Poor Law Union and Workhouse
In 1738 the trustees of Middleton's charity bought the old Bull Inn from Jane Stanbridge which was then rented and made use of by the Churchwardens and overseers as a workhouse for the Poor. The idle poor were set to work and the unemployed were discouraged from moving about to seek work.
The parish of their settlement had a duty to maintain them. At the Lewes Sessions in 1715 the settlement of Thomas Mitchell, pauper, was fixed at Cuckfield. The old poor laws treated the paupers almost as criminals to encourage independence.

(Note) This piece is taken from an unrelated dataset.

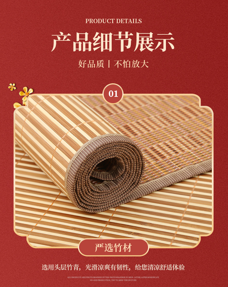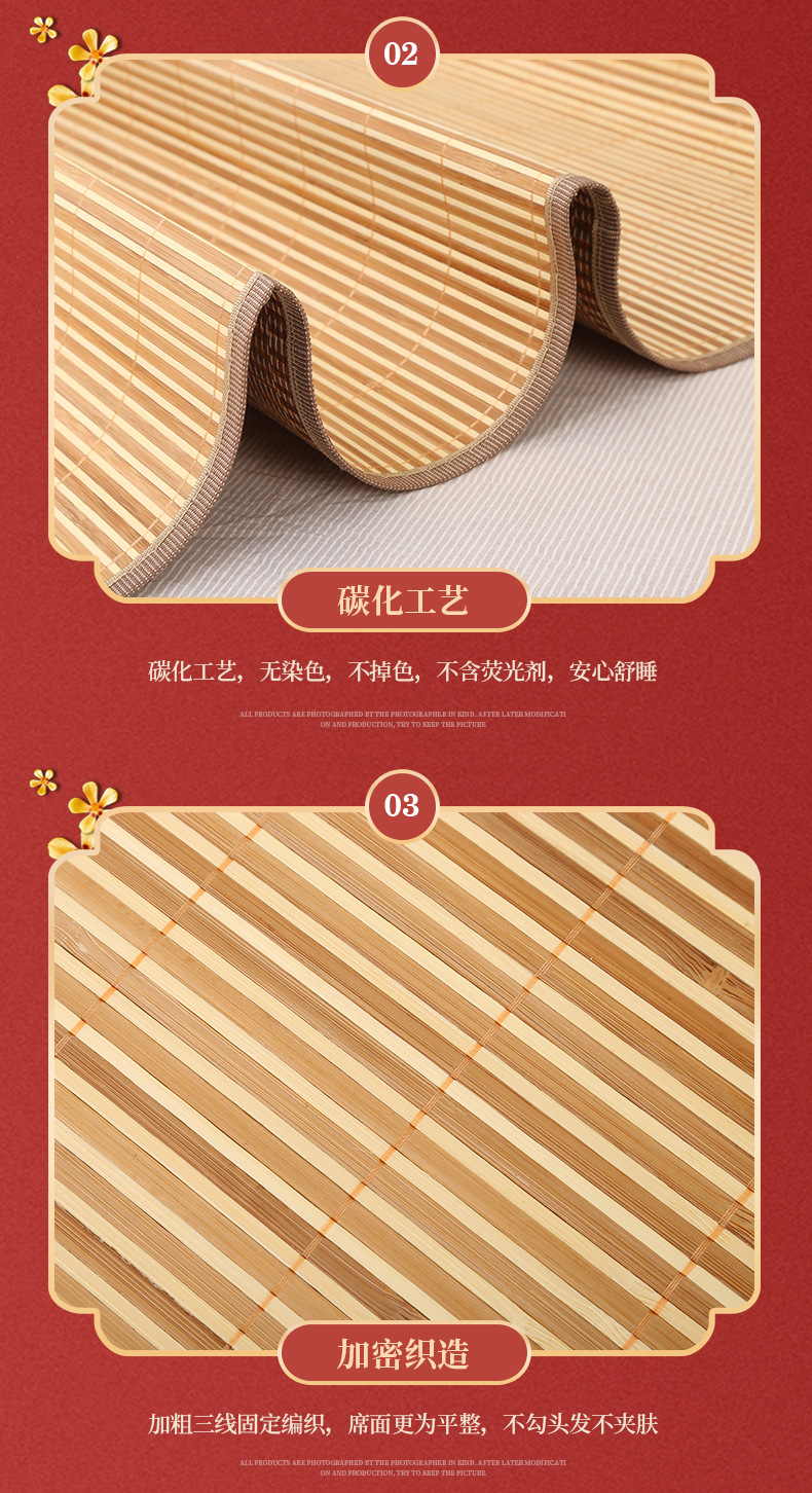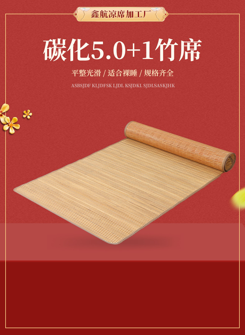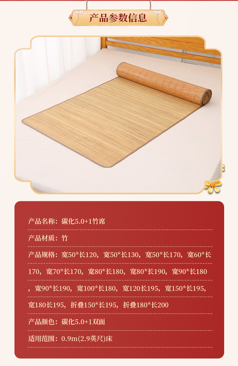 Углеродизированный бамбуковый коврик 5.0+1, летний двусторонний утолщенный охлаждающий коврик, коврик для односпальной кровати в общежитии, оптовая продажа, ощущение прохлады.

Extracts from the Sussex Weekly Advertiser show:
Jan19, 1789. John Morris for running away and leaving his family chargeable to the Parish of Cuckfield was adjudged a rogue and vagabond: recommitted for one week and ordered to be privately whipped.
7 April 16,1790. Abraham C was sentenced to 7 years transportation for stealing 1 bushel of wheat in the chaff from the barn of John Coppard of Cuckfield. He was 22 years old, of previously good character, had a wife and one child and another daily expected.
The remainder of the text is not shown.